The Value of Being Valued

By By Nick Horton January 29, 2010

ADVISOR_richardlaw

This article originally appeared in the July 2010 issue of Seattle magazine.

Richard LawA paycheck alone is not sufficient. Not now, not before the
downturn, not ever. It’s tempting as an employer to assume that the
relationship between the company and its employees comes down to a simple
transactional quid pro quo: You work and we pay you, and then next week we do
it all over again.

Except that this picture leaves out the core things that
make us feel valued and want to give our best efforts: trust, respect, input,
recognition.

Companies that fail to address these areas run the
significant risk (and cost) of ongoing turnover, retraining and loss of
organizational knowledge-and these cultural aspects are even more important to
address in trying times when people are justifiably worried and in need of
greater support.

Here are a few areas my company focuses on that have had a
very significant positive impact for us:

RECOGNITION

Seven years ago, Allyis made a strategic gamble: take the
majority of our marketing budget and turn it toward employee care and
recognition. We put an executive in charge of acknowledging achievements such
as employment anniversaries and project successes, we asked employees and
clients to praise good work through a “kudos” e-mail alias and award program,
and we asked our employees to determine who gets yearly awards.

We also began acknowledging people’s life events outside of
work: engagements and marriages, births and adoptions, home purchases,
hardships, and educational achievements-the majority in the form of a card and
perhaps a small gift.

The result? Appreciative employees help recruit the best
talent they know, and when great work is coupled with positive attitudes, clients
keep coming back and, in turn, referring new clients. The response has been
universal across all generations and experience levels.

TRANSPARENCY

While it was a bit scary at first, we do our best to get it
all out there in terms of “inside” company information: We use a
SharePoint-based intranet, which allows everyone in senior management to post a
blog about what they’re currently thinking about or working on, and we publish
our company financials monthly, with our CFO and me jointly writing up a quarterly
report to let everyone know how we’re doing. We also open all management blogs
and posts on our financials to any and all employee comments.

When we had to reduce salaries last year, we told everybody,
“We know this isn’t great for anybody, but the board is going to take the
biggest reductions and we’re going to work through this and find creative ways
to save money and restore rates as quickly as possible”-which is what we’ve
done. We lost a couple of people due to the pay cut, but understood that this
was a financial necessity for them and wished them well.
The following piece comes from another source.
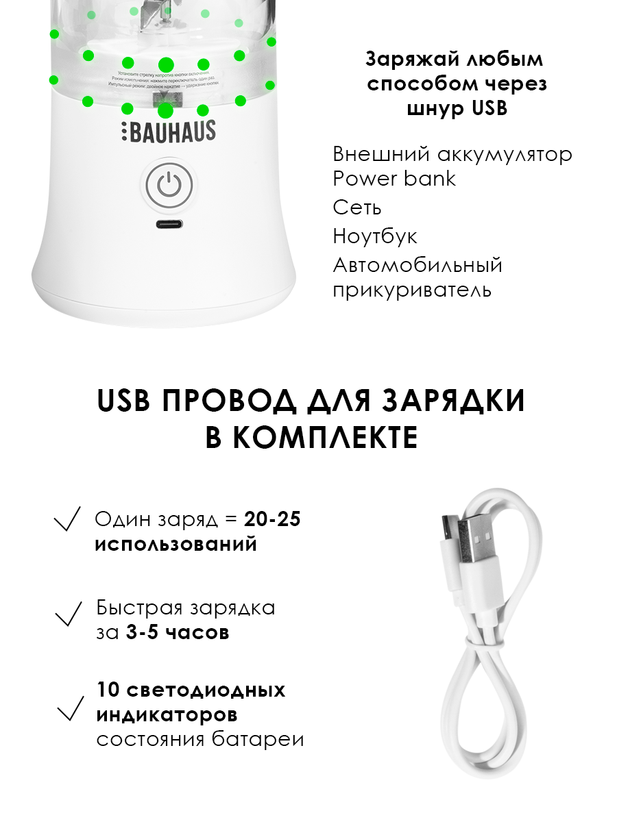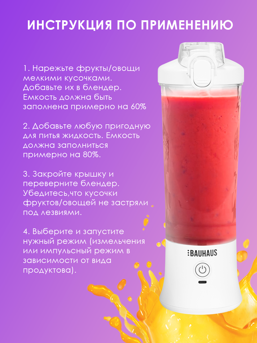 Портативный мини блендер BAUHAUS для смузи и коктейлей белый интересное:

The vast majority of
our staff stuck with us.

EMPOWERMENT

Finally, to make sure that employees are consistently heard
and involved in our decision making, we hold twice-yearly “town hall” meetings
where people are free to ask anything and get an immediate answer; year round,
we also have an anonymous question-and-answer page on our intranet where
everything that gets asked is answered within 24 hours.

Also, we invite all employees to be actively involved in
social media, be it their own blogs (which we work hard to read and provide
responses to), Facebook, Twitter or LinkedIn, as these resources collectively
allow all of us to get to know one another better and, thus, be a more
connected community without further organizational effort or prompting.

Since implementing all these steps, our turnover rate has
dropped to about one-sixth of our industry average, and we get almost
one-quarter of all new employees via internal referral.

Richard Law is co-founder, CEO and chairman of Allyis, a
Kirkland-based personnel and technology firm. He’s also in charge of buying the
coffee to keep everyone productive after lunch.